Walk-Through Example
Trace through the list 1 → 2 → 3 → 4 → 5 with n = 2. We want to remove the 2nd node from the end, which is node 4. After removal the list should be 1 → 2 → 3 → 5.
Start: dummy → 1 → 2 → 3 → 4 → 5, both fast and slow at dummy. Advance fast by n + 1 = 3 steps: fast is now at node 3. Move both together: fast goes to node 4, slow to node 1; fast goes to node 5, slow to node 2; fast goes to null, slow to node 3. Now slow is at node 3, which is right before the target node 4.
Execute slow.next = slow.next.next: slow.next was node 4, now it points to node 5. Node 4 is removed. Return dummy.next which is node 1. Final list: 1 → 2 → 3 → 5. The algorithm handled it correctly with a single traversal.
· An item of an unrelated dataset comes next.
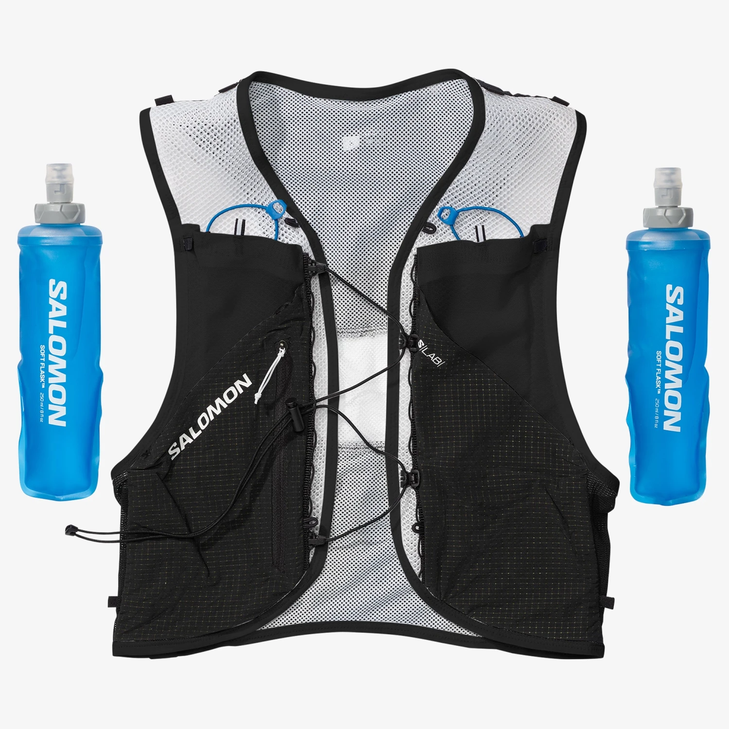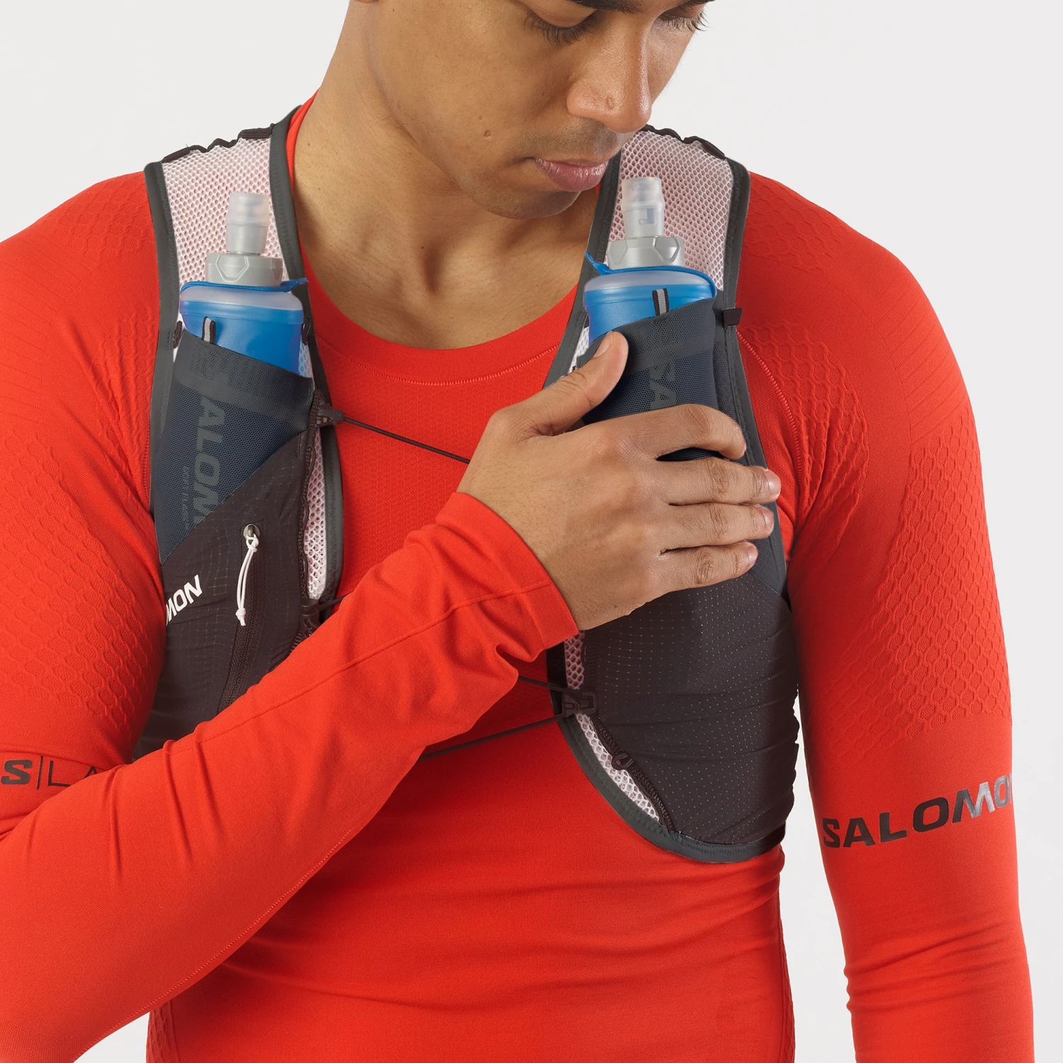 S/LAB PULSAR 3 is our minimalistic lightweight hydration vest ideal for shorter runs. Modular, curated storage options offer quick, easy access to hydration on-the-fly. Two pockets in the front include 250 ml soft flasks and a hybrid back pocket can store a 500ml flask or a jacket. Extra snug and stable thanks to Sensifitâ„¢ and Quick link fastening.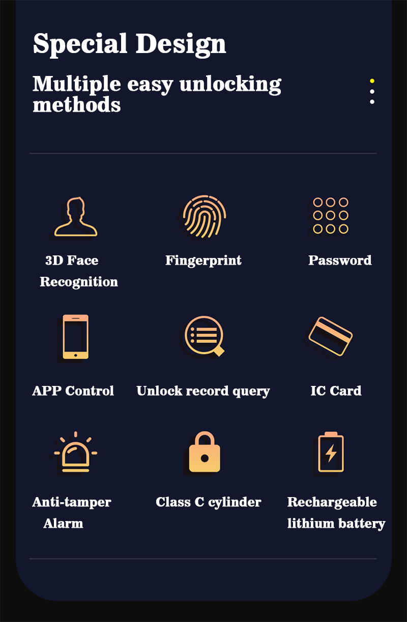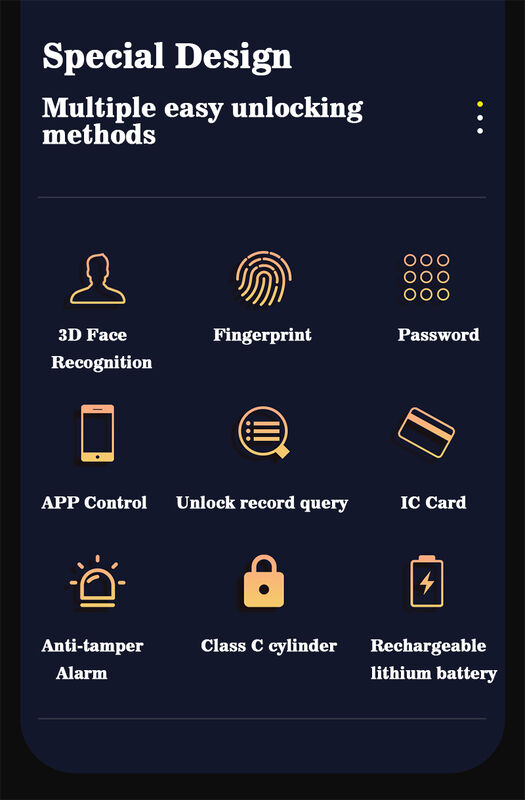 | Phương pháp mở khóa | Ứng dụng WiFi Tuya, mật khẩu, dấu vân tay, thẻ, chìa khóa |

- 1Initial: dummy → 1 → 2 → 3 → 4 → 5, fast = slow = dummy
- 2Advance fast 3 steps (n+1=3): fast is at node 3
- 3Move both: fast → 4, slow → 1
- 4Move both: fast → 5, slow → 2
- 5Move both: fast → null, slow → 3
- 6slow.next = slow.next.next removes node 4
- 7Return dummy.next = node 1; result: 1 → 2 → 3 → 5
Code Walkthrough Python and Java
In Python: create a ListNode dummy with dummy.next = head. Set fast = slow = dummy. Loop n + 1 times advancing fast. Then while fast is not None, advance both fast and slow. Set slow.next = slow.next.next. Return dummy.next. Time complexity O(n), space complexity O(1). The entire solution is about 10 lines.
In Java: the pattern is identical — create a dummy ListNode, initialize both pointers to dummy, advance fast n + 1 times in a for loop, then use a while (fast != null) loop to move both, finally set slow.next = slow.next.next and return dummy.next. The dummy node's val can be 0 or any value since it is never part of the output.
Both implementations run in O(n) time with a single pass and use O(1) extra space — only two pointers and the dummy node are allocated. This is the optimal solution for this problem.
Off-by-One Alert
Advance fast by n + 1 steps, not n steps. The extra step is critical: it ensures slow stops ONE node before the target, giving you slow.next as the node to delete and enabling the clean slow.next = slow.next.next removal.